### Your task
Drop the images. Copy every line below character for character.

───── The data

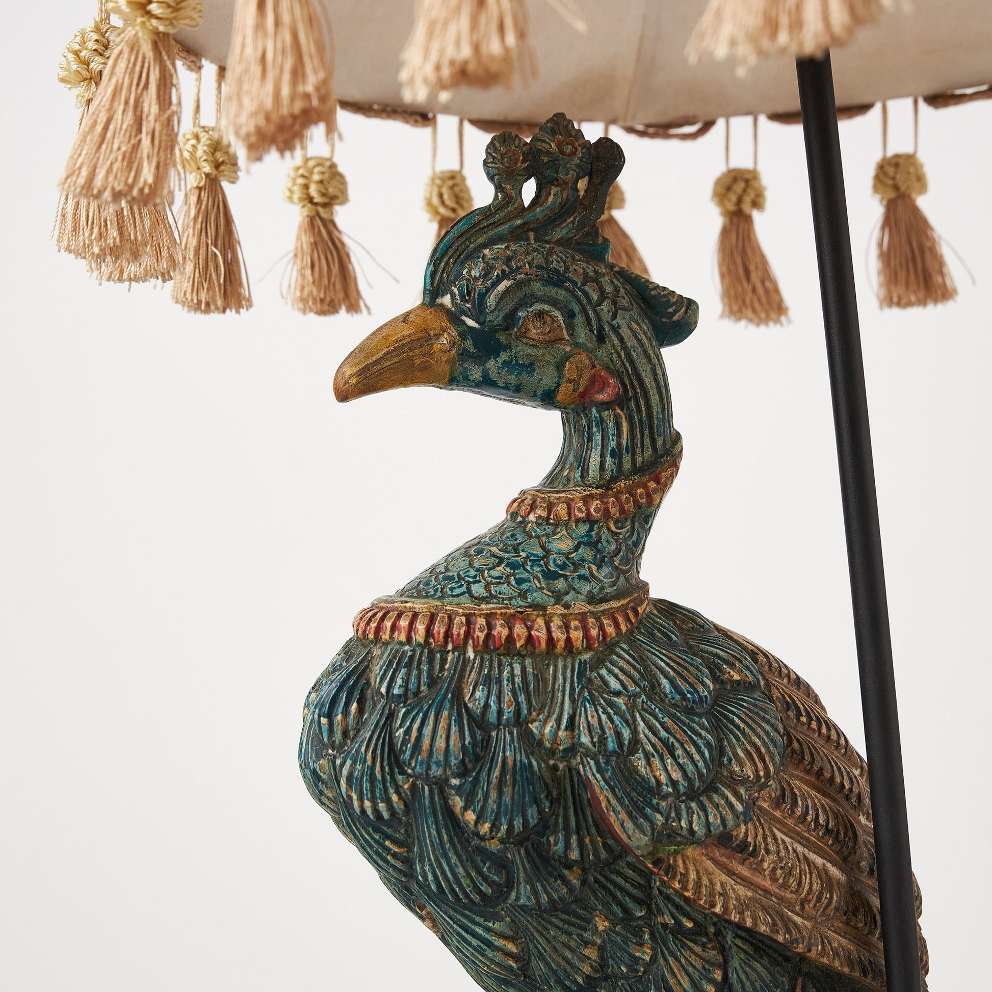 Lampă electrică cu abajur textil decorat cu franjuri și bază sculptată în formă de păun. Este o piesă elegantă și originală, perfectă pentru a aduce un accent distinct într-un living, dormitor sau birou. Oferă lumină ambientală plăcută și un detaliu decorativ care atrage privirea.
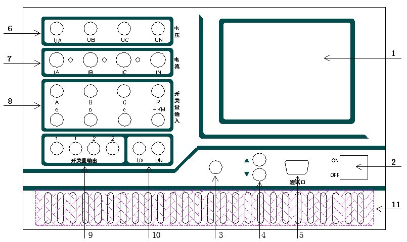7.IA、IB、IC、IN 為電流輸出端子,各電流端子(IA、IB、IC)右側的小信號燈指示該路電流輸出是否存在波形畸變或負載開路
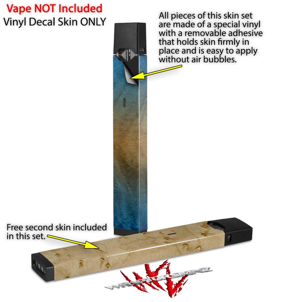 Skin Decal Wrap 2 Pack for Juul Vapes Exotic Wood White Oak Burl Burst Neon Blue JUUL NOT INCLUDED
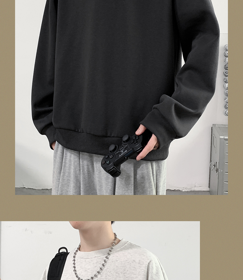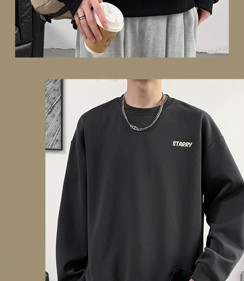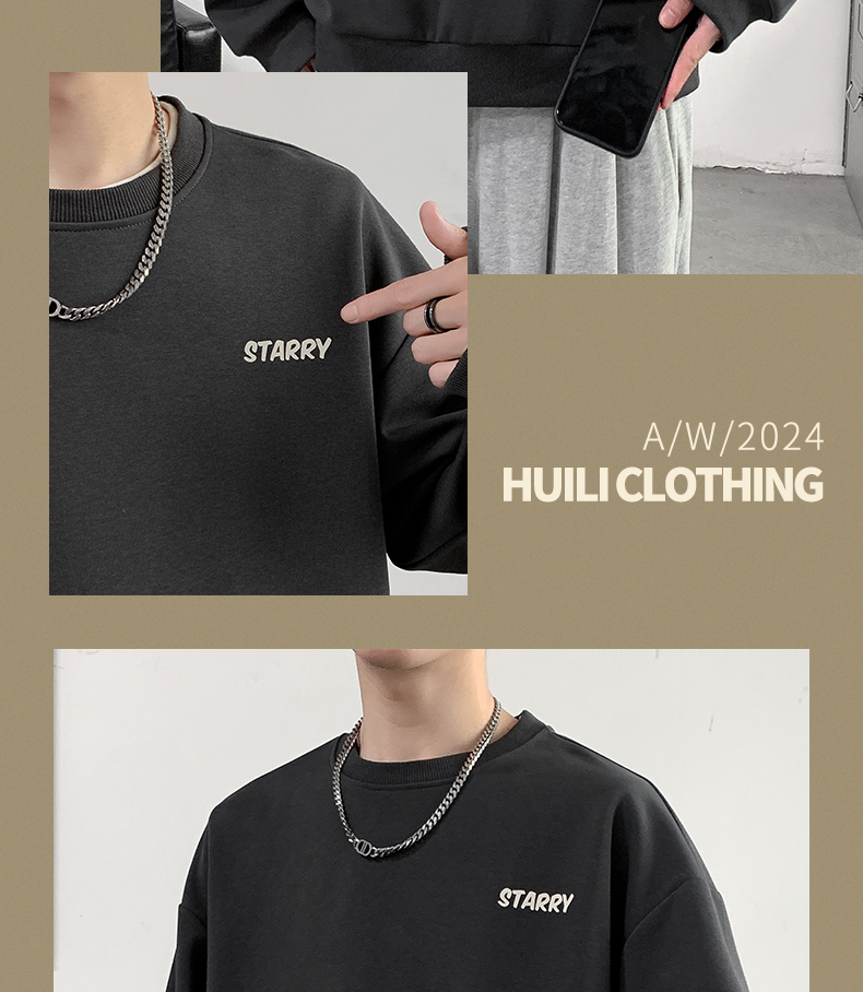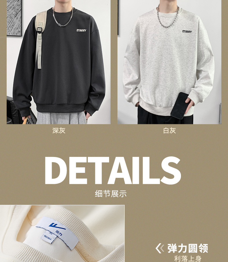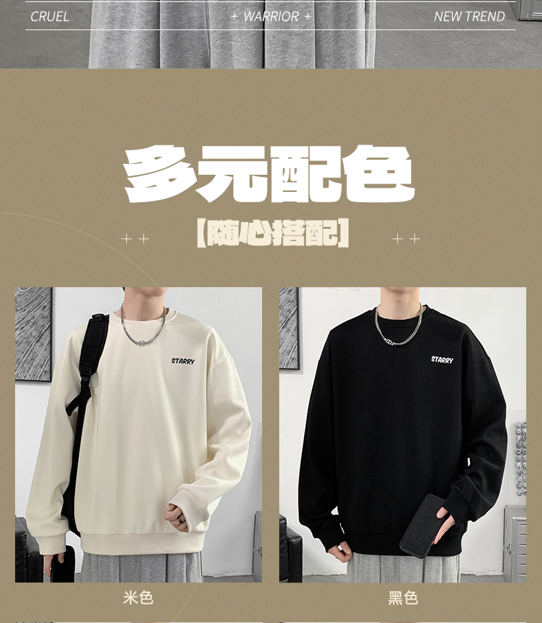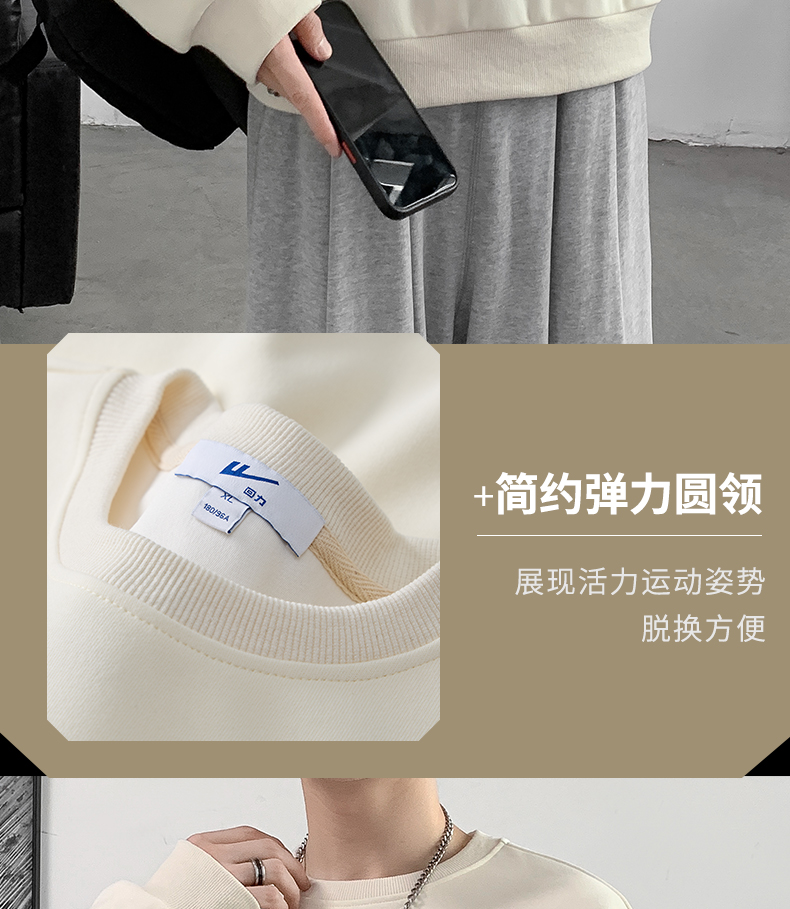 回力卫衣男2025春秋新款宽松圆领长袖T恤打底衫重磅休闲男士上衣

──────────

### Result of the exercise
 Lampă electrică cu abajur textil decorat cu franjuri și bază sculptată în formă de păun. Este o piesă elegantă și originală, perfectă pentru a aduce un accent distinct într-un living, dormitor sau birou. Oferă lumină ambientală plăcută și un detaliu decorativ care atrage privirea.
7.IA、IB、IC、IN 為電流輸出端子,各電流端子(IA、IB、IC)右側的小信號燈指示該路電流輸出是否存在波形畸變或負載開路
 Skin Decal Wrap 2 Pack for Juul Vapes Exotic Wood White Oak Burl Burst Neon Blue JUUL NOT INCLUDED
 回力卫衣男2025春秋新款宽松圆领长袖T恤打底衫重磅休闲男士上衣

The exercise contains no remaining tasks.